Demikian pula dijelaskan didalam ayat diatas bahwa bagaiman
silih bergantinya siang dan malam. Bagaiman pada pagi hari matahari
mulai memancarkan sinarnya yang keemasan, dan pasa sore hari
matahari itu akan tenggelam dengan sendirinya. Akankah kita
memungkiri semua kebenaran yang diperlihatkan oleh Alllah kepada
setiap mahluknya? Siapakah yang mampu memutar dunia ini sehingga
terjadinya pergantian singa dan malam?
Lagi-lagi kita disuruh mempergunakan akal kita untuk memikirkan
semua itu. Hanya Allahlah yang mampu mengatur semua itu, hanya
Allahlah yang mempunyai kekuasaan mengatur sulih bergantinya siang
dan malam.
Didalam akhir ayat diatas diterangakan yang artinya.....”Ya
Tuhan kami, tidaklah Engkau menciptkan ini dengan sia-sia”. Dari
ayat diatas sudah jelas sekali bahwa apapun yang Allah ciptakan
tidak ada yang sia-sia. Manusia diperintahkan oleh Allah untuk
mempergunakan akal mereka untuk memikirkan setiap apa yang terjadi
di alam ini. Jikalau manusia telah menggungakan akal mereka, maka
semua yang diciptakan Allah tidak ada yang sia-sia. Karena Allah
Maha Tahu atas segala sesuatu.
5. Fungsi akal sebagai sarana kebebasan berfikir.
Islam sangat mengharagai kebebasan berfikir, karena suatu
peradaban tidak akan pernah bangun tanpa kebebasan ini. Pemikiran
bebas dapat membuka pintu pengetahuan sehingga karenanya bangsa-
bangsa dan peradabannya tumbuh berkembang.

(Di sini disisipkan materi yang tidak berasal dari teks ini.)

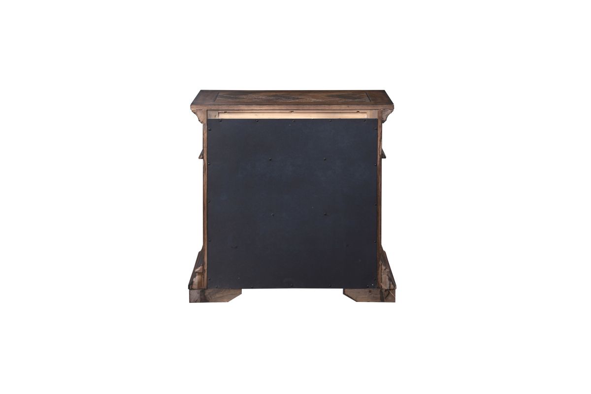 Discover the Mar Vista Nightstand, a testament to craftsmanship and timeless design. Constructed with solid Rubberwood and Oak veneers, this nightstand promises enduring strength and stability. Its rich walnut finish, achieved through meticulous distressing, wire brushing, and charcoal glazing, accentuates the wood’s inherent beauty. The nightstand’s traditional style is expressed through prominent crown moldings, carved bracket feet, and convex pilaster moldings, all complementing the distinctive herringbone wood inlays that define the Mar Vista Collection. Beyond its external elegance, the nightstand offers quality internal features, including drawers built with English dovetail joinery, full extension drawer glides, and polished drawer interiors. The three spacious drawers provide ample storage for bedside necessities, with a felt-lined top drawer to protect watches, glasses, and other sensitive items. Experience the blend of functionality and aesthetic appeal with the Mar Vista Nightstand. No assembly required.

Pemikitan adalah buah akal. Akal salah satu nikmat Tuhan yang
dianugrahkan kepada manusia. Islam menganggap akal sebagai salah
satu unsur keberadaannya dan suatu energi hidup didalam bangunannya
yang tinggi. Karena itu islam selalu mengontrolnya dan memberinya
batas-batas tertentu yang harus dilalui gerakannya, dan tidak boleh
melangkah lebih jauh melalui batas-batas itu, agar tidak terjadi
kerusakan dan kemudaratan di dalam kehidupan ini. Akal harus
bergerak di bawah sinar roh islam yang datang untuk menyelamatkan
manusia seluruhnya dari mara bahaya dan kerusakan.
Pada dasarnya dan gerak alamiahnya, pemikiran merupakan dialog
antara tidak dan ya. Karena itu sikap menolak dan menerima secara
mutlak dan buta tidak dipandang sebagai pemikiran. Sikap menolak
secara mutlak adalah sikap kebandelan anak kecil, dan sikap
menerima secara mutlak merupakan sikap budak. Allah-lah yang maha
luas ilmu-Nya dan mengetahui kebenaran secara ilmulyakin, yaitu
pengetahuan yang tidak mengenal “kalau....kalau....kalau..”.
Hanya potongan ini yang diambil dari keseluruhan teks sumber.